**Task goal**
Please copy the data exactly as it stands, minus the images.

**Given information**

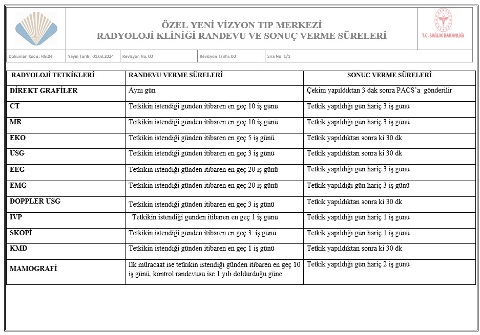 Yeni Vizyon Tıp Merkezi Olarak;
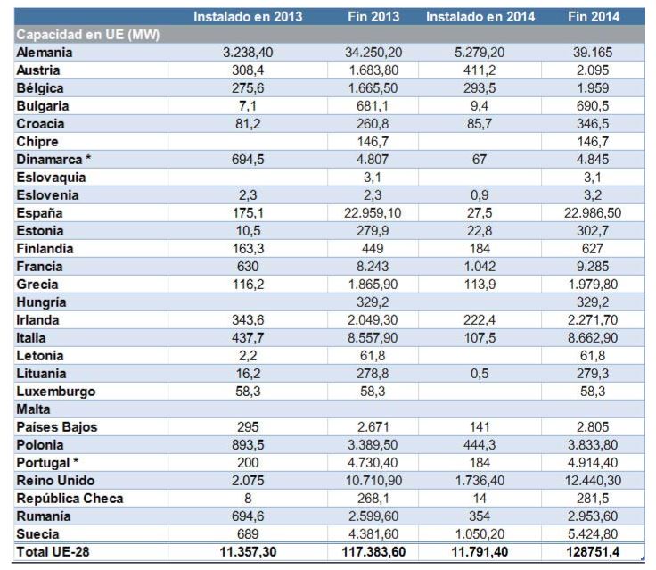 La energía eólica dio muestras de buena salud en la Unión Europea en 2014, con 11.791 MW nuevos megavatios eólicos –un 5,3% más que el año anterior–, hasta alcanzar una capacidad acumulada de 128,8 GW, según los datos de la Asociación Europea de Energía Eólica (EWEA). De los 22 países que instalaron nueva potencia en el año, sólo cuatro estuvieron por debajo de España: Bulgaria, República Checa, Lituania y Estonia. Por el contrario, Alemania y Reino Unido, considerados un ejemplo por su política industrial y energética, acapararon el 59,5% de las nuevas instalaciones.
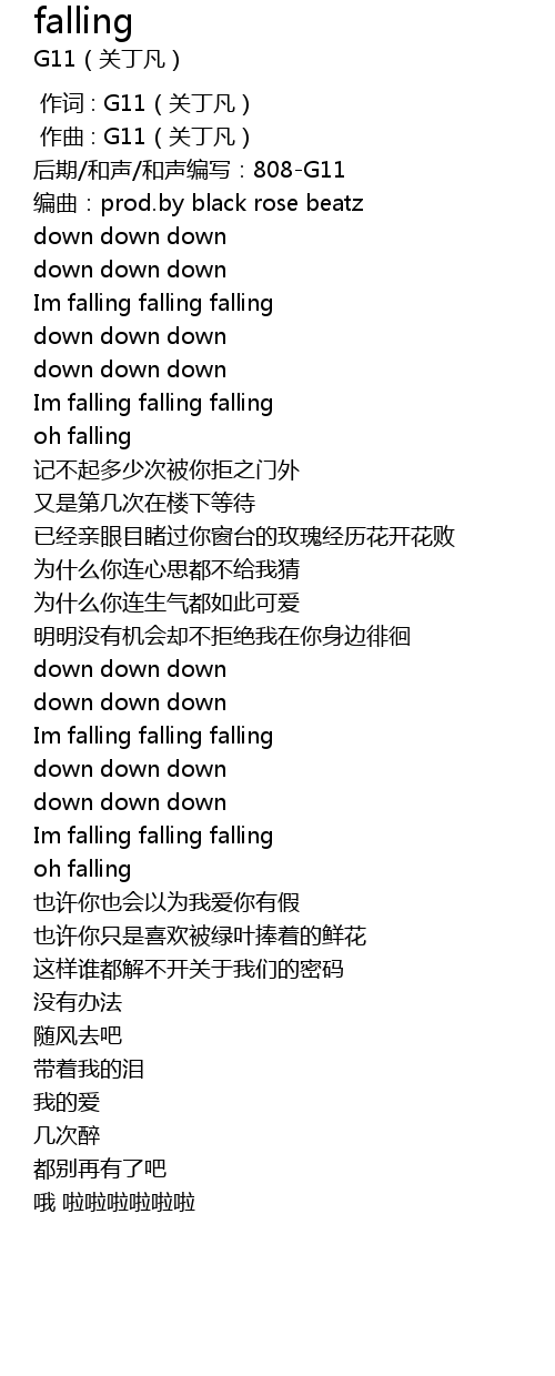 | [00:00.000] | 作词 : G11(关丁凡) |

**The completed task**
 Yeni Vizyon Tıp Merkezi Olarak;
 La energía eólica dio muestras de buena salud en la Unión Europea en 2014, con 11.791 MW nuevos megavatios eólicos –un 5,3% más que el año anterior–, hasta alcanzar una capacidad acumulada de 128,8 GW, según los datos de la Asociación Europea de Energía Eólica (EWEA). De los 22 países que instalaron nueva potencia en el año, sólo cuatro estuvieron por debajo de España: Bulgaria, República Checa, Lituania y Estonia. Por el contrario, Alemania y Reino Unido, considerados un ejemplo por su política industrial y energética, acapararon el 59,5% de las nuevas instalaciones.
 | [00:00.000] | 作词 : G11(关丁凡) |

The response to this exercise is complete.